Sunday, November 29, 2009

tis' the season, to give thanks

and so it begins...another holiday season has landed smack dead in my lap. i used to only think of this time as a constant reminder of where i wasn't in my life and the constant lack of that i experienced since i moved to New York. with the beginning of this season, as with the past several months of me creating this blog i have been doing my best to change my thoughts about my life--constantly trying to see the positive in whatever comes my way. Dr. Michael Beckwith said on the Oprah show that using the word "trying" or phrase "trying to do", and i quote "only means you're failing with honor". since i heard him say that, i've started using the phrase "doing my best to". with that being said, i've been doing my best to keep my head held up high and moving forward despite the ongoing woes that pop in my life every now and again.

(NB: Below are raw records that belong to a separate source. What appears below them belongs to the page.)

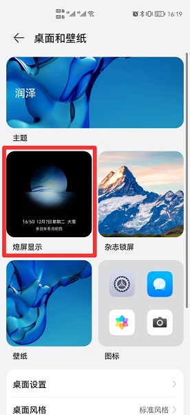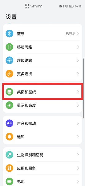 设置手机黑屏显示时间需要在桌面和壁纸中,将熄屏显示开启即可。以手机华为p50为例,设置手机黑屏显示时间的步骤分为3步,具体操作如下:在手机设置界面中,点击桌面和壁纸。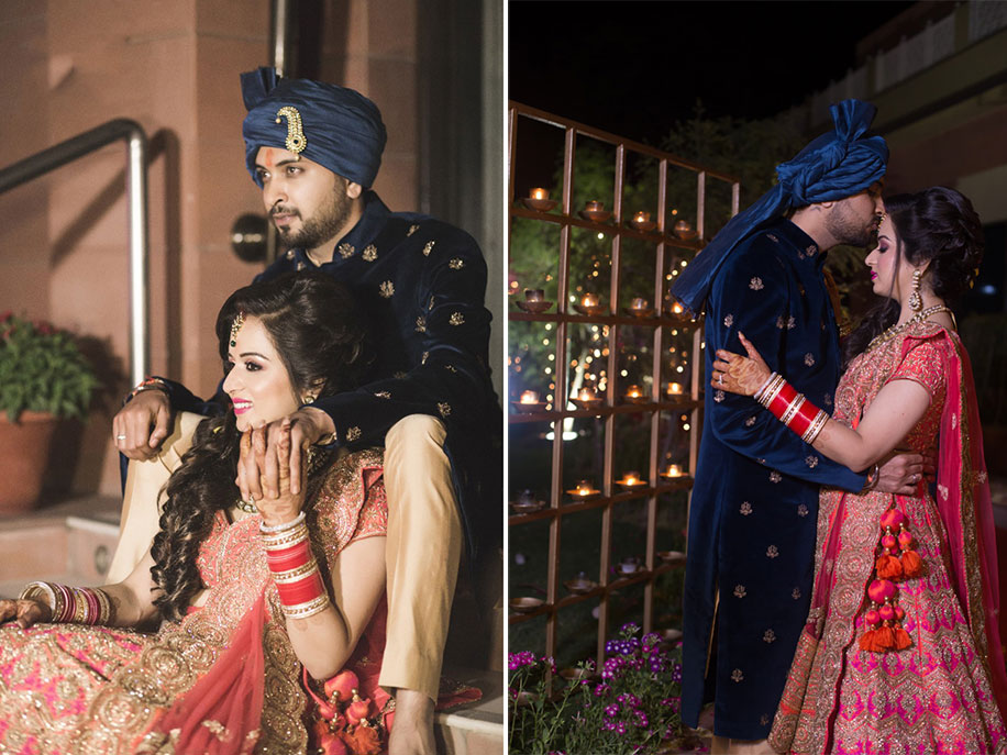“Our two-day wedding celebrations were held at the Heritage Resort in Manesar, Haryana. We wanted our destination wedding to have a holiday vibe without involving too much stress for anyone. We were aware of the quaint surroundings of the resort, and loved its beautiful Rajasthani feel thanks to its regal architecture and lush green lawns. All our functions were held on different lawns.”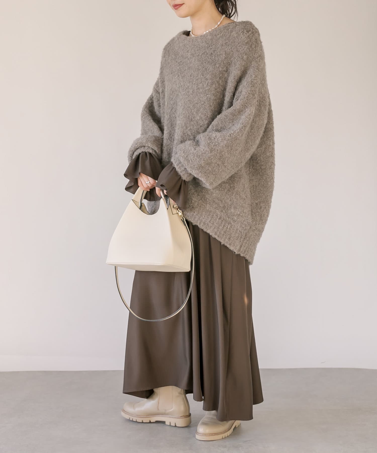 【ゆったり感が可愛い】ブークレーボリュームスリーブニット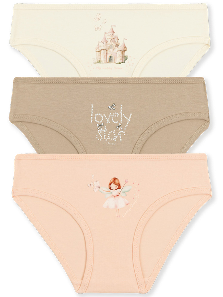 Трусы-слипы для девочки, выполненные из эластичного х/б трикотажа кулирное полотно. Декорированы нежным принтом. В поясе и проймах отделаны эластичным трикотажным кантом из основного полотна. Хлопковая двойная ластовица.Турецкая фабрика, основанная в 1984 году. Трикотаж качества пенье.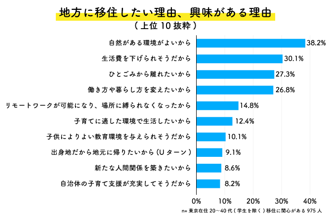 以下は、地方に移住したい理由、興味がある理由を調べたデータです。ここに挙げられた理由はそれぞれ現実的で、実現も可能な内容ではないでしょうか。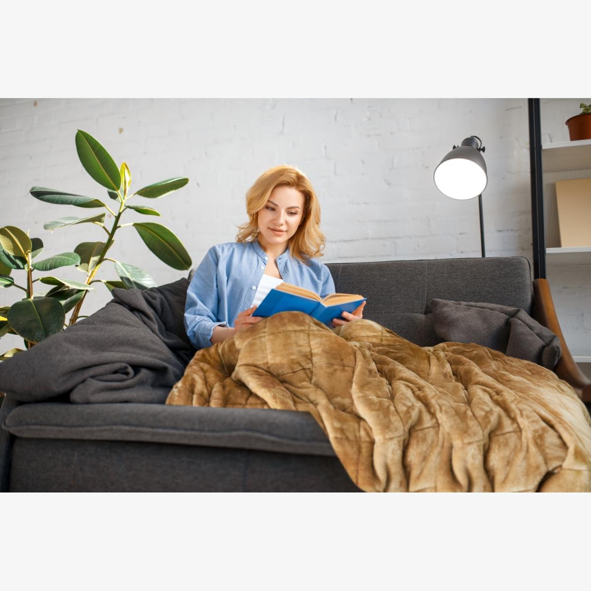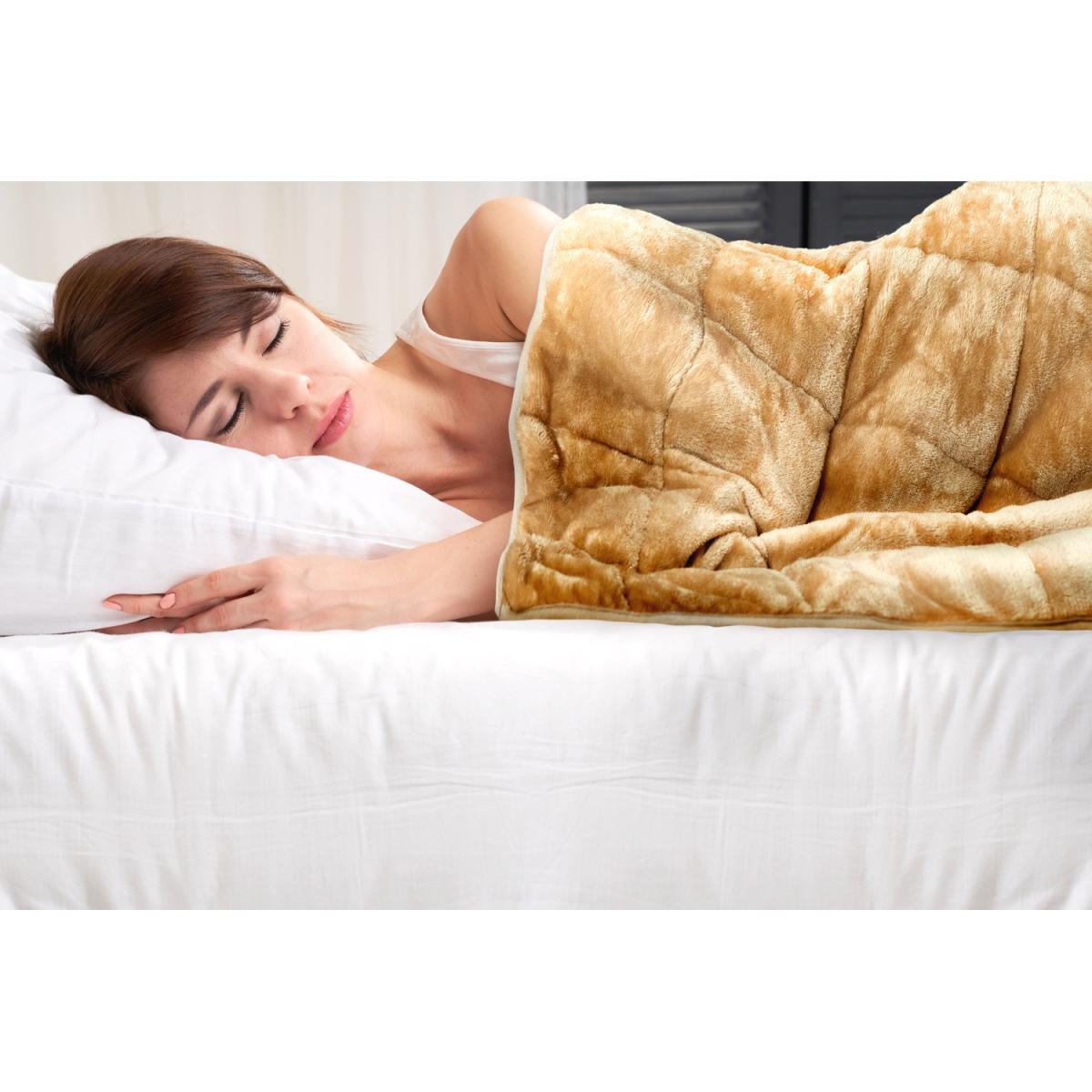 Warm, cosy and reassuringly comfortable. You can use this blanket on either the soft plush side for warmer days or have the fluffy sherpa side keep you extra snuggly. Studies show that a weighted blanket like this one can help you sleep for longer and more deeply with fewer interruptions, and wake feeling more refreshed. This blanket's gentle all-over pressure mimics a subtle human hug, applying something called deep touch pressure therapy (DTP) to your body to keep you still and calm. This pressure increases the serotonin and dopamine levels in your brain, relaxing your nervous system to help reduce anxiety and stress. The blanket is specifically designed to fit your body, not to drape over your bed, so it can be used on any size of mattress.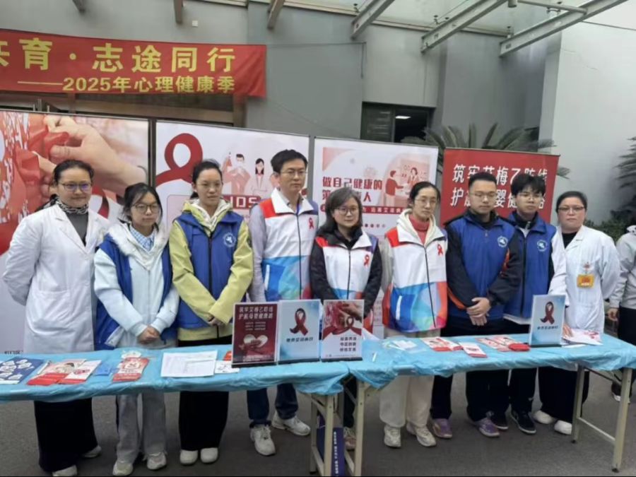 2025年12月1日世界艾滋病日,卫生所以“青春无‘艾’携手同行”为主题,开展系列防艾科普宣传活动。为让防艾知识精准触达每一位同学,青年志愿者们主动牺牲就餐时间,以轮流值守、交替服务的方式坚守岗位,用责任与热忱为校园健康筑起坚实屏障。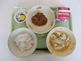 今日の献立は「麦ごはん けんちん汁 そぼろ丼」でした。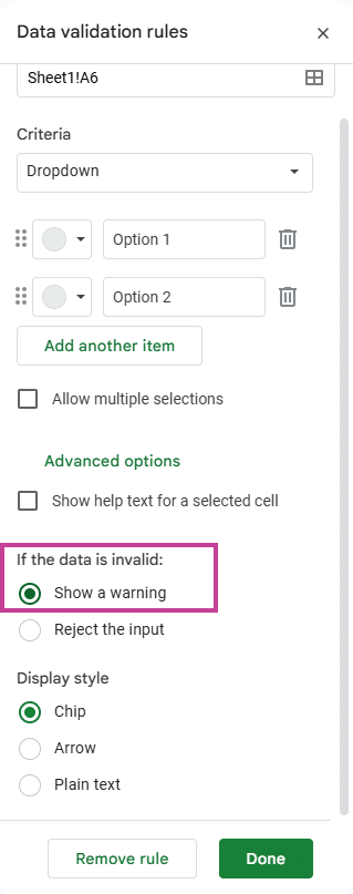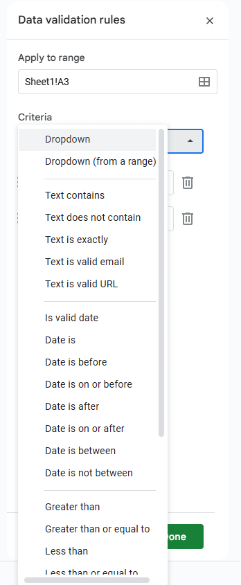 First, select the cells with data validation and navigate to the Data Validation settings. The data validation dialog box will appear and display the rules you initially set up. Now, you can change the cell’s criteria, error alerts, and more. Click Done to apply your new fine-tuned settings.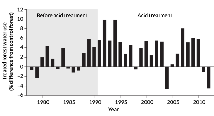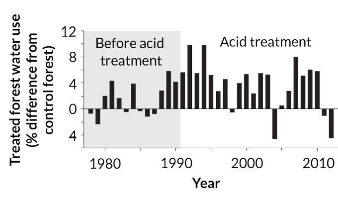 A forest receiving a mock acid rain treatment tended to use more water than a similar untreated forest during an experiment that ran from 1989 to 2012. The first two years’ of data after acidification were not included with the treatment period because the soil may not have been fully acidified. And researchers discounted data from 2004 because plant growth in the control forest was unusually high that year, likely changing its water use in a way not mirrored in the treated area.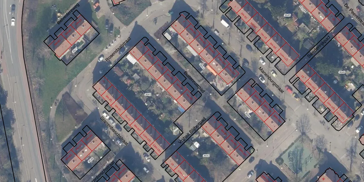 Buitenrustpad 5-H is gelegen op kadastraal perceel WTG02A3641. Deze kadastrale aanduiding is uniek en wordt gebruikt door het Kadaster om eigendomsrechten en andere zakelijke rechten vast te leggen. Het perceel maakt onderdeel uit van de kadastrale gemeente Watergraafsmeer.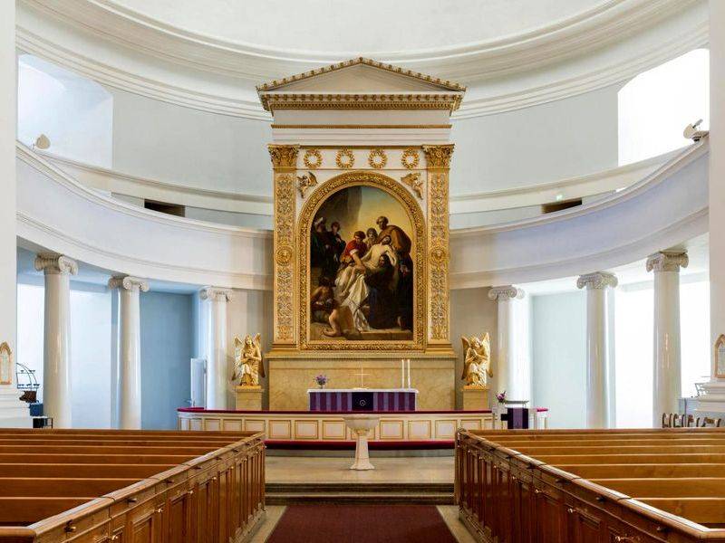 Соборный зал Кафедрального собора Хельсинки украшают статуи реформатора Марти Лютера и его последователей Филиппа Меланхтона и Микаэля Агриколы. Они напоминают гостям об истории лютеранской церкви вообще и Финляндии в частности.

it's the end of November, and this past Thursday was Thanksgiving which means that Christmas is literally right around the corner. let's start with Thanksgiving, didn't get a chance to go home to spend the whole weekend with family like i want; furthermore, i thought i would a chance to go home tomorrow Sunday and i'm not going to be able to due to my lack of funds. it's okay, but what's going to make it difficult is breaking the news to my mother. she already called me early this morning wanting to know what time was i arriving, and when i told her that i was coming tomorrow (Sunday)...she took on this little disappointed voice and tried to guilt me into visiting a day earlier. she should know by now that that does not work on me...still, i don't want to hurt her feelings--as cold as i can be sometimes, i do have a heart. luck has it, i was contacted by a co-worker asking me if i wanted to work some extra hours Sunday since they were going to be short one person on the shift. "of course" i said, because not only will i make up two hours for leaving early this week, i'll be able to have some extra money to travel home...hopefully she'll understand.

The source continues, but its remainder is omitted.